--- Data to process Enclosed Below ---

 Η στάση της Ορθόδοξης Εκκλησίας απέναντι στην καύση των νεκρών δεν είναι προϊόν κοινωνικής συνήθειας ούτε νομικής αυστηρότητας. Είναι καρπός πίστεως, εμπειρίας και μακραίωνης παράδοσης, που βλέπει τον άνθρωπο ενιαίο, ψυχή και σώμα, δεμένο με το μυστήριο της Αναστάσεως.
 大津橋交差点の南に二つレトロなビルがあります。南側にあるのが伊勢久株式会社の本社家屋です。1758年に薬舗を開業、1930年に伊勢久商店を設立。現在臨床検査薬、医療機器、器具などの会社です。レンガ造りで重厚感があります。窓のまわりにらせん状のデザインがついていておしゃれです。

--- End of Enclosed Data to process ---
--- Data to process Enclosed Below ---

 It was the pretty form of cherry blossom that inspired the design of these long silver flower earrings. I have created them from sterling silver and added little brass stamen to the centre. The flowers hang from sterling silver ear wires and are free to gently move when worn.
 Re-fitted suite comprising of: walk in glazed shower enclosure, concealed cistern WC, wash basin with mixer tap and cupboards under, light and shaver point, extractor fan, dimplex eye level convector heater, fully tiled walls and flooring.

--- End of Enclosed Data to process ---
--- Data to process Enclosed Below ---

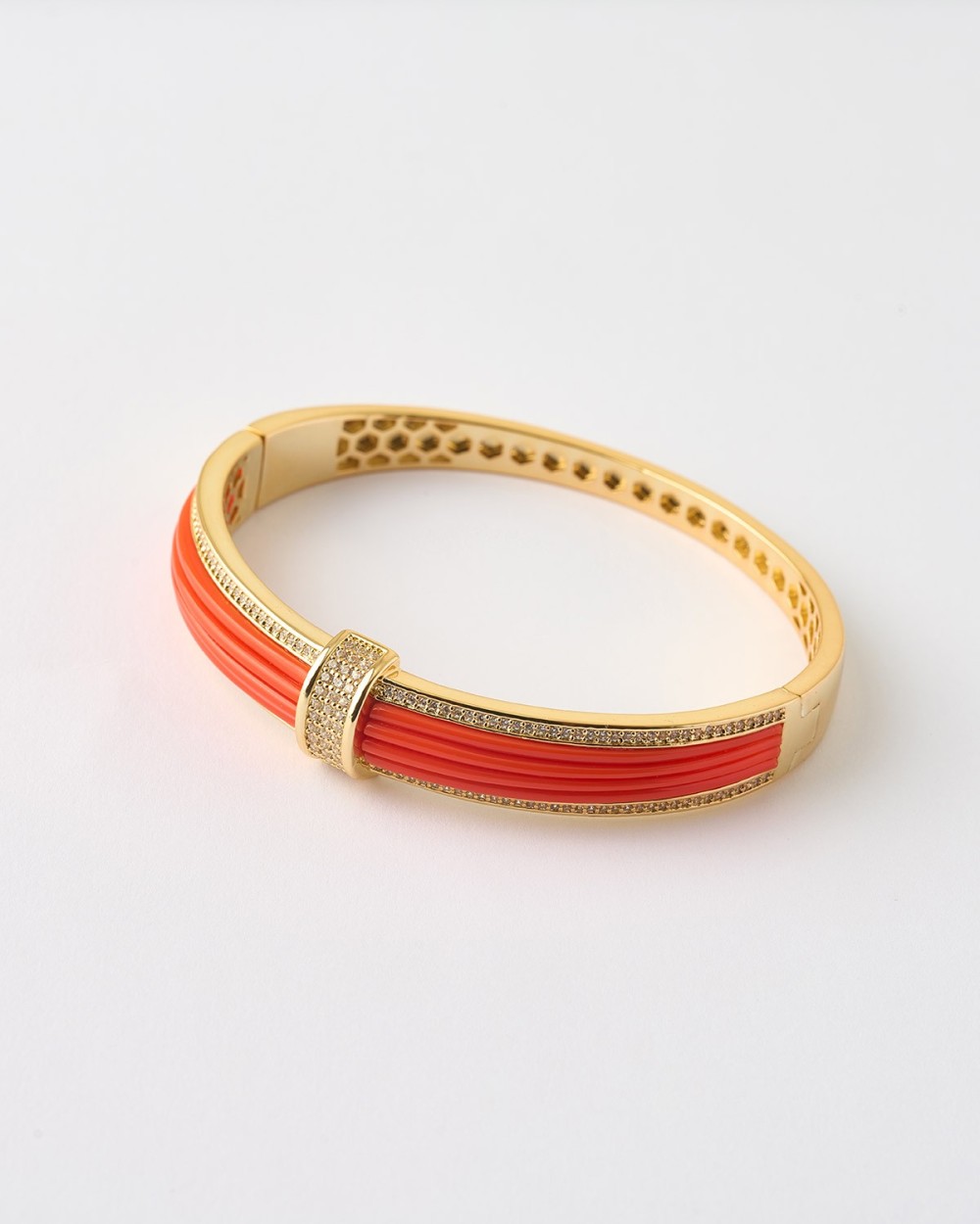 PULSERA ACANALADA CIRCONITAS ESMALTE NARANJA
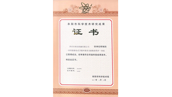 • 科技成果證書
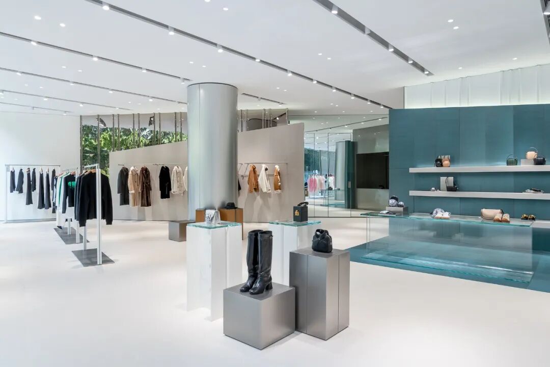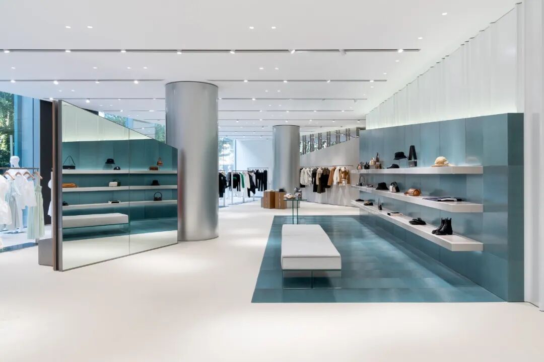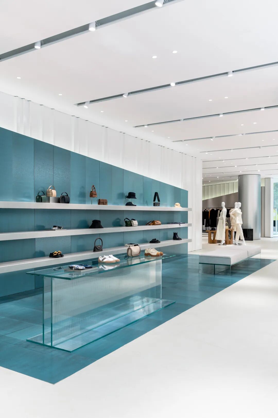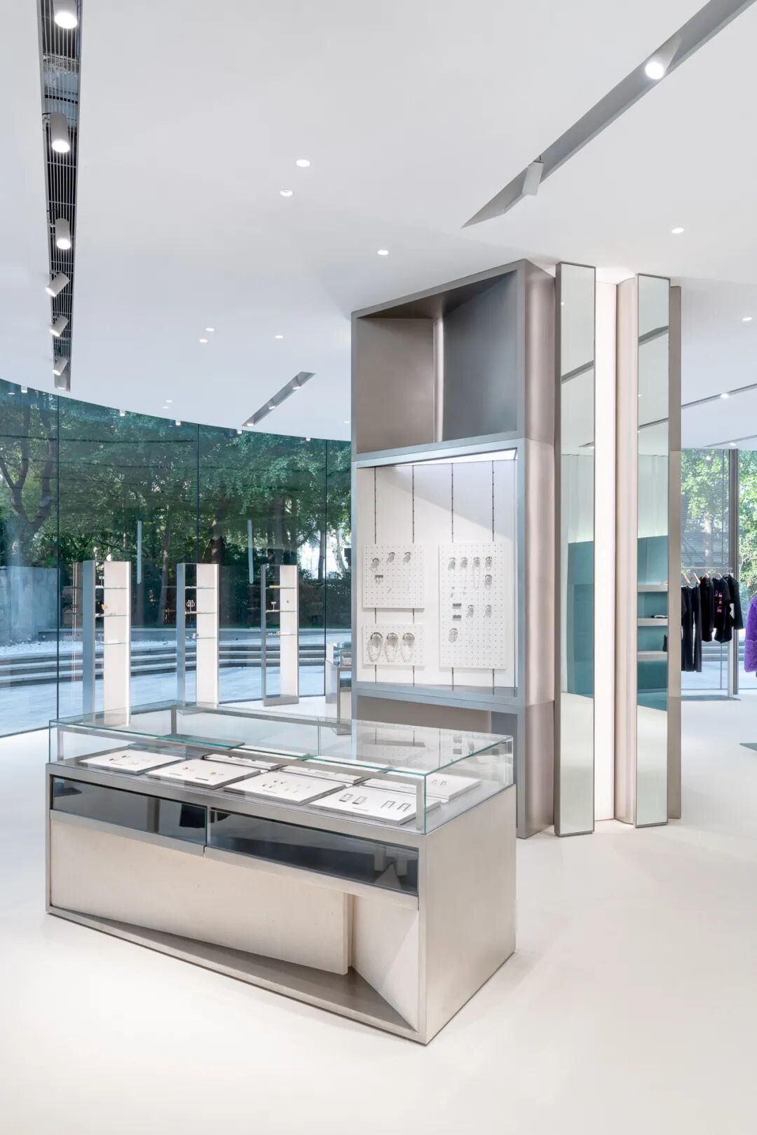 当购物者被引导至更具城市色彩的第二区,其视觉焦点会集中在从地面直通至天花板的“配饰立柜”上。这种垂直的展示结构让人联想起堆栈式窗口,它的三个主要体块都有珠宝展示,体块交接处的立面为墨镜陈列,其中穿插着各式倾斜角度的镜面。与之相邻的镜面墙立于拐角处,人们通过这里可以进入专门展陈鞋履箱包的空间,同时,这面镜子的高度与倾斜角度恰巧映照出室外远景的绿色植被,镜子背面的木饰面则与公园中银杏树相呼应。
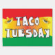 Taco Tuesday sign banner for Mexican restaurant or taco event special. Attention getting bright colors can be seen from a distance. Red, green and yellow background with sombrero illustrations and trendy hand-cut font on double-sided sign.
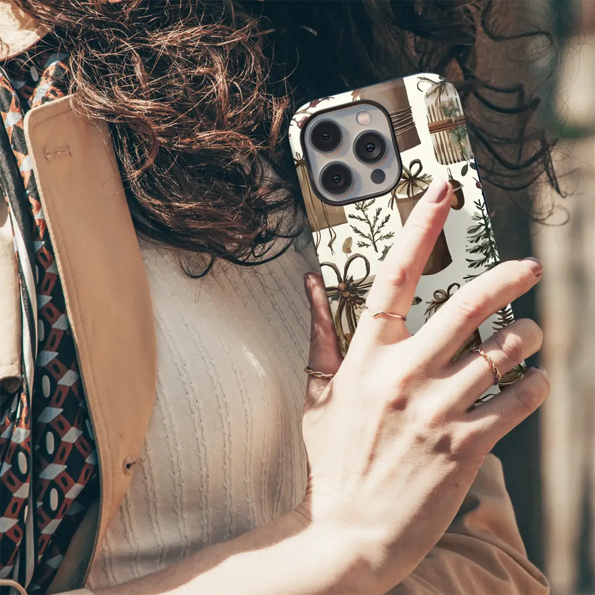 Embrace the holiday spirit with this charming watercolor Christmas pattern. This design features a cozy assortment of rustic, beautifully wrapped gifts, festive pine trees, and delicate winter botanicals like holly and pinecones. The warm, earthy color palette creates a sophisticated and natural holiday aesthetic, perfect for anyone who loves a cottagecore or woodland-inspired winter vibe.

--- End of Enclosed Data to process ---

_Task objective_
Extract exactly and only the lines above from the line containing "It was the pretty" through the line containing "Re-fitted suite comprising", both end lines included.

_Answer space_
 It was the pretty form of cherry blossom that inspired the design of these long silver flower earrings. I have created them from sterling silver and added little brass stamen to the centre. The flowers hang from sterling silver ear wires and are free to gently move when worn.
 Re-fitted suite comprising of: walk in glazed shower enclosure, concealed cistern WC, wash basin with mixer tap and cupboards under, light and shaver point, extractor fan, dimplex eye level convector heater, fully tiled walls and flooring.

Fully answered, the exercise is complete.